I found a 2001 RBI 226VS Ultra Hawk for sale . Haven't seen it, but the guy says it was used very little. What is a fair price for one in good, excellent or mint condition?


----------



## tomsteve (Jan 23, 2015)

thats rather hard to answer. one thing i notice is the resale price on scrollsaws can be quite a bit lower than other power tools. seems the more used/known the tool( table saw for instance) the higher the resale. 
beings its a 2001 model( are there replacement parts available for this model?) myself id try and stay around $300-$350.
thats a low number and even with low use, its still a 16 year old saw.


----------



## runswithscissors (Nov 8, 2012)

That saw was bought out by another company (can't remember name), but they are still making it (with some small design changes), and still offer parts for the older machines.

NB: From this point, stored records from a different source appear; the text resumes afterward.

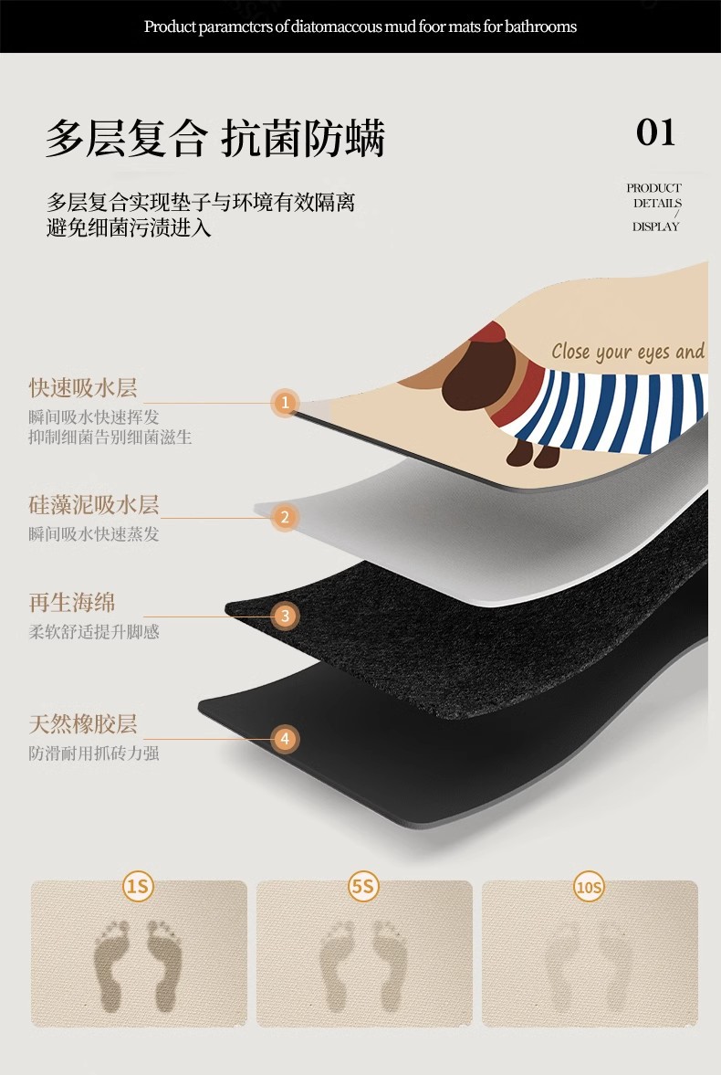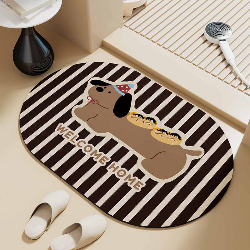 만화 귀여운 초콜릿 강아지 바닥 매트 욕실 물 흡수 비 슬립 빠른 건조 문지름 발 매트 머리카락 세대스토어 가기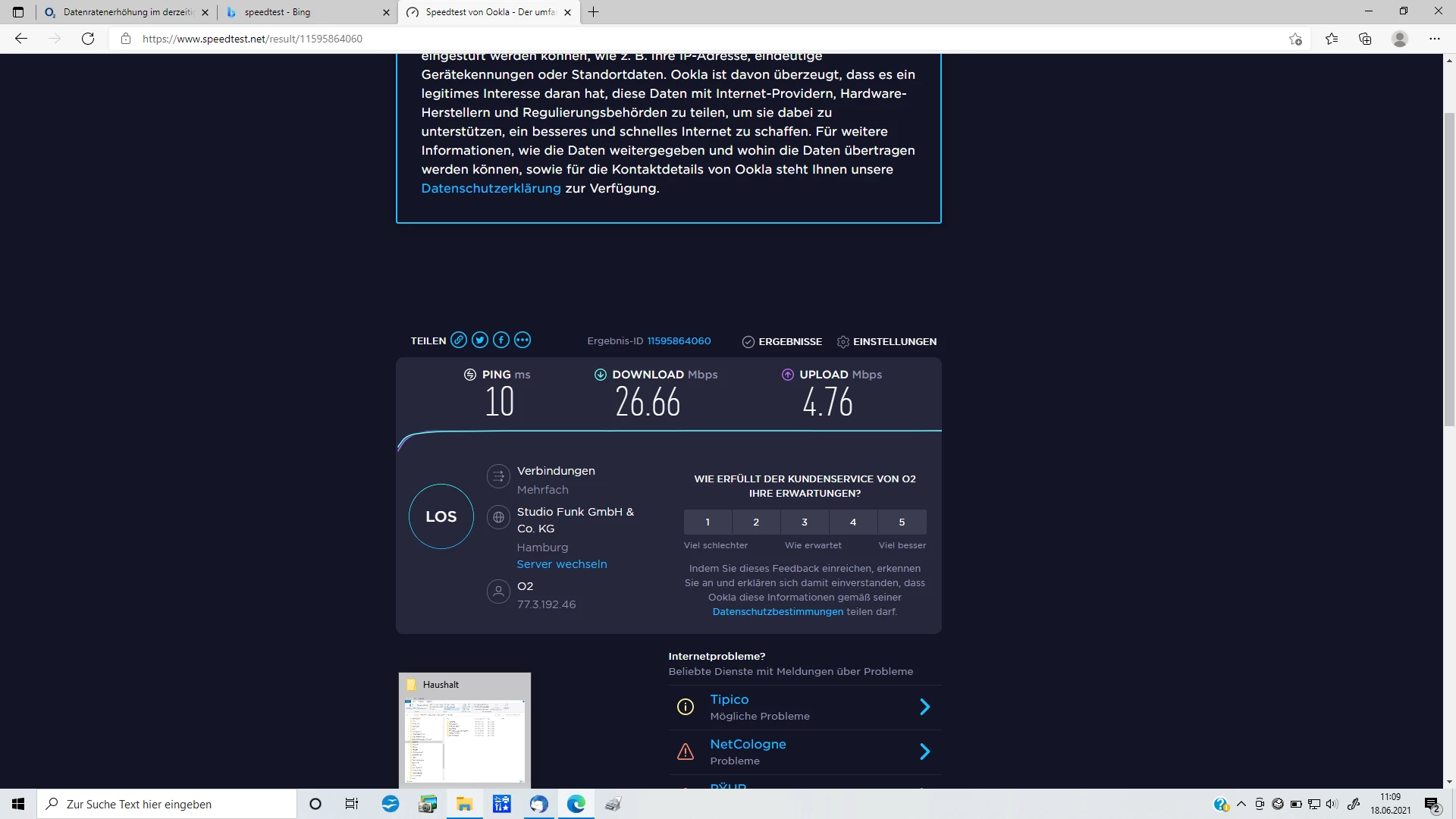 Bei Speedtests bitte sicher stellen, dass WLAN ausgeschaltet ist und nur ein Gerät per LAN-Kabel mit dem DSL-Router verbunden ist. Laut Screenshot wurde der Test nicht per LAN-Kabel durchgeführt.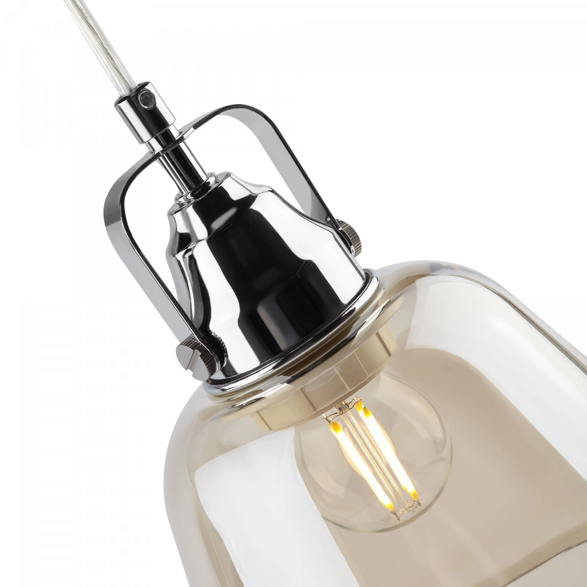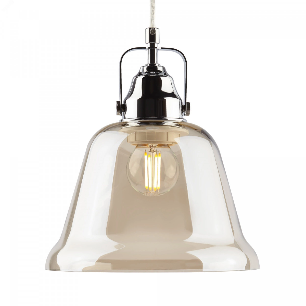 Оригинальные светильники с плафонами в форме колокольчика. Толстое дымчатое стекло отлично сочетается с хромированной арматурой и декоративной крепёжной фурнитурой. Своей формой эти светильники напоминают бутон цветка на стебле или уличные ретро-фонари. Создадут уютную атмосферу в гостиной, спальне, на кухне, в коридоре, столовой, студии. Помогут расставить в помещении световые акценты, разнообразить интерьер. Коллекция представлена подвесом на 1 лампу.

They are a highly rated machine. One of the best.


----------



## wapakfred (Jul 29, 2011)

I bought a 1998 220 VS 2 years ago for $200, since then I've seen a couple of those and 2-226s listed and they were all under $450, most often in the $300-$350 price range. As someone said you can still get parts and they are very good saws. So if you're a scroller it may just what you need.


----------



## Markmh1 (Mar 9, 2017)

From what I understand, replacement motors are not available for the older RBI.

The fix is to return the saw to BM (new owners), and they will update it to a DC motor. Cost around $350?

Mark


----------



## MrUnix (May 18, 2012)

> From what I understand, replacement motors are not available for the older RBI.
> The fix is to return the saw to BM (new owners), and they will update it to a DC motor. Cost around $350?
> - Markmh1


I wouldn't be too worried about the motor… it's just a simple DC motor and properly cared for, should outlast the machine. Motors don't "just go bad". The speed controller will most likely die first, as electronics DO fail over time.

Cheers,
Brad


----------